New Deal Days
The CCC at Mesa Verde
Ronald C. Brown
&
Duane A. Smith
They fought fires, built roads, constructed dioramas, and put Dolores’s jail in the river. They were Mesa Verde’s CCC Boys. In 1932 at least one out of every four workers in the United States was jobless, perhaps as many as one-third. Slashed paychecks and shortened hours confronted many of the rest. One of the major problems proved hard to solve: So many of those out of work were young men, with few prospects and limited skills.

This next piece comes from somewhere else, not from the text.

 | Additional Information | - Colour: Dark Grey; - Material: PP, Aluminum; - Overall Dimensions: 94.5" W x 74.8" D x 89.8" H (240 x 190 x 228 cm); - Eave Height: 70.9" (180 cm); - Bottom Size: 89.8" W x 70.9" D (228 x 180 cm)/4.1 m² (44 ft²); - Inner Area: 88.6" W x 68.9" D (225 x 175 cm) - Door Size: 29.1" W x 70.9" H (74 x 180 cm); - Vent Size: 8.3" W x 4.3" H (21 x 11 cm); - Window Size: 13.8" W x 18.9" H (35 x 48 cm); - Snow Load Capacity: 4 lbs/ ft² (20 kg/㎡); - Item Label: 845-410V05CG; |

In 1933, Franklin Delano Roosevelt launched his New Deal. He would tinker, change, and experiment to save American capitalism and democracy. One of his most successful experiments was the Civilian Conservation Corps, the CCC, aimed at those desperate young men at home and wandering about the country.
Ronald C. Brown
Mr. Brown was raised in Milford, Indiana, and graduated from Wabash College and the University of Illinois at Urbana. He is a Professor of history and Dean of University College at Texas State University - San Marcos. He became interested in the CCC while an undergraduate in the 1960s, and credits his friends Duane and Gay Smith with kindling his infatuation with Mesa Verde. He, wife Judy and son Brian spent two memorable summers working on CCC research at the MVNP Research Center and Library in the early 1990s.
Duane A. Smith
Duane Smith received
his academic degrees from the University of Colorado and completed
his Ph.D. in 1964.
That year he began to teach at Fort Lewis College where he is a Professor
of Southwest Studies.
His areas of research and writing include Colorado history, Civil
War history, mining history, urban history and baseball history.

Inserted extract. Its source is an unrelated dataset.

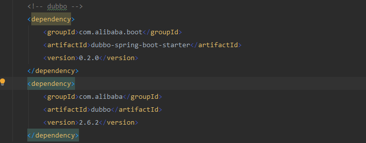 | <?xml version="1.0" encoding="UTF-8"?> <project xmlns="http://maven.apache.org/POM/4.0.0" xmlns:xsi="http://www.w3.org/2001/XMLSchema-instance" xsi:schemaLocation="http://maven.apache.org/POM/4.0.0 https://maven.apache.org/xsd/maven-4.0.0.xsd"> <modelVersion>4.0.0</modelVersion> <parent> <groupId>com.aias</groupId> <artifactId>demo</artifactId> <version>0.0.1-SNAPSHOT</version> </parent> <groupId>com.aias</groupId> <artifactId>demoProvider</artifactId> <version>0.0.1-SNAPSHOT</version> <name>demoProvider</name> <description>Demo project for Spring Boot</description> <dependencies> <dependency> <groupId>com.aias</groupId> <artifactId>common</artifactId> <version>0.0.1-SNAPSHOT</version> </dependency> <!-- mybatis --> <dependency> <groupId>org.mybatis.spring.boot</groupId> <artifactId>mybatis-spring-boot-starter</artifactId> <version>2.1.0</version> </dependency> <!-- druid --> <dependency> <groupId>com.alibaba</groupId> <artifactId>druid-spring-boot-starter</artifactId> <version>1.1.10</version> </dependency> <!-- mysql-connector --> <dependency> <groupId>mysql</groupId> <artifactId>mysql-connector-java</artifactId> </dependency> <!-- dubbo --> <dependency> <groupId>com.alibaba.boot</groupId> <artifactId>dubbo-spring-boot-starter</artifactId> <version>0.2.0</version> </dependency> <dependency> <groupId>com.alibaba</groupId> <artifactId>dubbo</artifactId> <version>2.6.3</version> </dependency> </dependencies> </project>

He is an extremely popular professor at Fort Lewis, and he is the
author of over thirty books on a variety of subjects including Rocky
Mountain Mining Camps: The Urban Frontier; A Colorado History; Horace Tabor: His Life and the Legend; Silver Saga: The
Story of Caribou Colorado; Colorado Mining: A Photographic
History; Fortunes Are for the Few: Letters of a Forty-niner; Rocky Mountain Boom Town: A History of Durango; A Land Alone:
Colorado’s Western Slope; Song of the Hammer and Drill: The
Colorado San Juans, 1860-1914; Mining America: The Industry
and the Environment, 1800-1980; Mesa Verde National Park: Shadows
of the Centuries; The Birth of Colorado: A Civil War Perspective;
and Sacred Trust: The Birth and Development of Fort Lewis College.